What the Experts Are Saying
Nutrition specialists warn that the educational and health impacts of halting school feeding could be long-lasting. Dr. Aisha Bello, nutritionist: “Hunger steals potential. Children who miss meals experience impaired memory, fatigue, low blood glucose, and weakened immunity.”
Chronic undernutrition, she said, leads to “irreversible cognitive delays and lower academic achievement.”
Public health expert Dr. Okeke Ogenna Olive described the suspension as: “a public health crisis. When school feeding stops, hospitals fill up. These programmes are gateways to healthier futures.”
A National Crossroads for 20 million Children
What began as a promise to nourish the nation’s youngest citizens now hangs in uncertainty. Despite Tinubu’s budget commitments, the programme has not returned to schools nationwide.
Attendance is falling. Teachers quietly dip into personal funds to feed the weakest pupils. Children continue to slip through the cracks of hunger and missed learning.
As Dr. Okeke urged, “Reinstate, screen, and supplement—before more families unravel.”
For millions of schoolchildren, the hopeful bowls of 2017 are now a memory of what could be. Or what should have been.
One pupil’s plea echo across Nigeria’s classrooms: “Please bring back the food so children can stay in school.”
Nigeria now stands at a pivotal moment. Restoring the school feeding programme is no longer a question of administrative convenience but of national obligation.

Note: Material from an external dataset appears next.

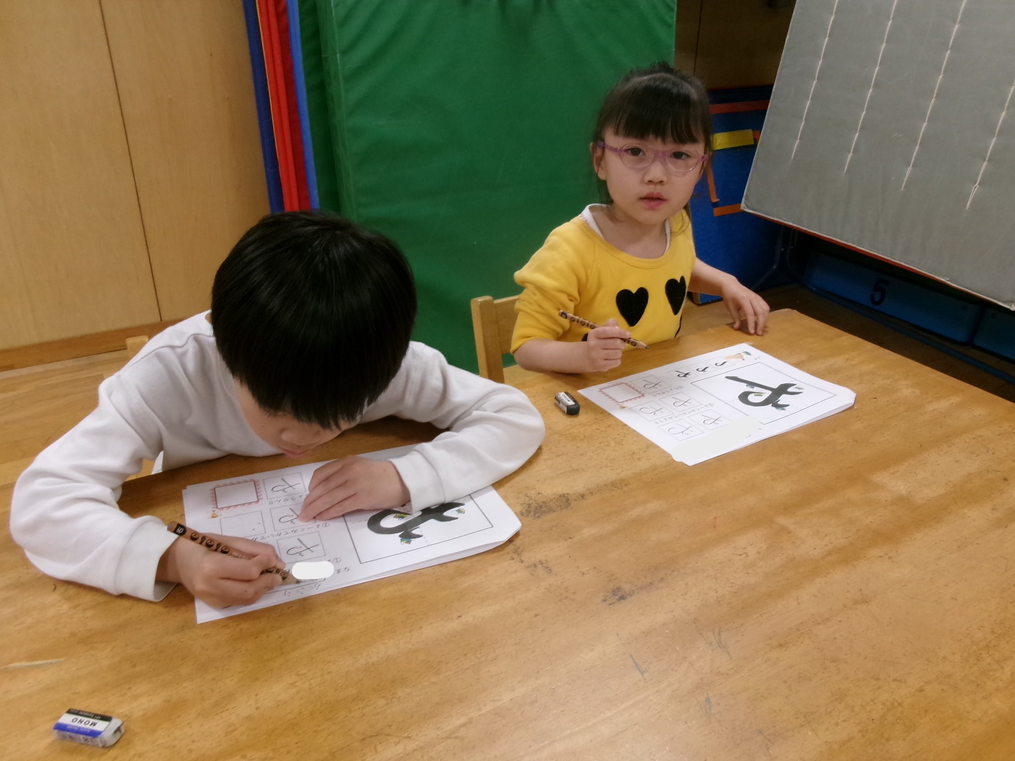 お友だちと見比べながら、上手に横線や丸を書いています。
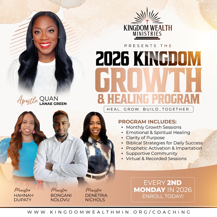 The 2026 Kingdom Growth & Healing Program is designed for anyone who is ready to grow spiritually, overcome personal barriers, and step confidently into the life God intended. This year-long journey will help you strengthen your relationship with God, heal from what has held you back, and build the spiritual foundation you need for the next level of your purpose. Through monthly sessions, practical biblical teaching, and a supportive community, you will receive the tools and guidance necessary to grow, mature, and heal in every area of your life.

The data is clear, the human stories undeniable: hunger is dismantling the futures of millions of children. Policymakers must urgently release funds, publish transparent beneficiary records, and establish a monitoring system that protects every naira meant for a child’s plate. The longer the silence persists, the more classrooms will be empty. The time to act is now—before another generation learns on an empty stomach.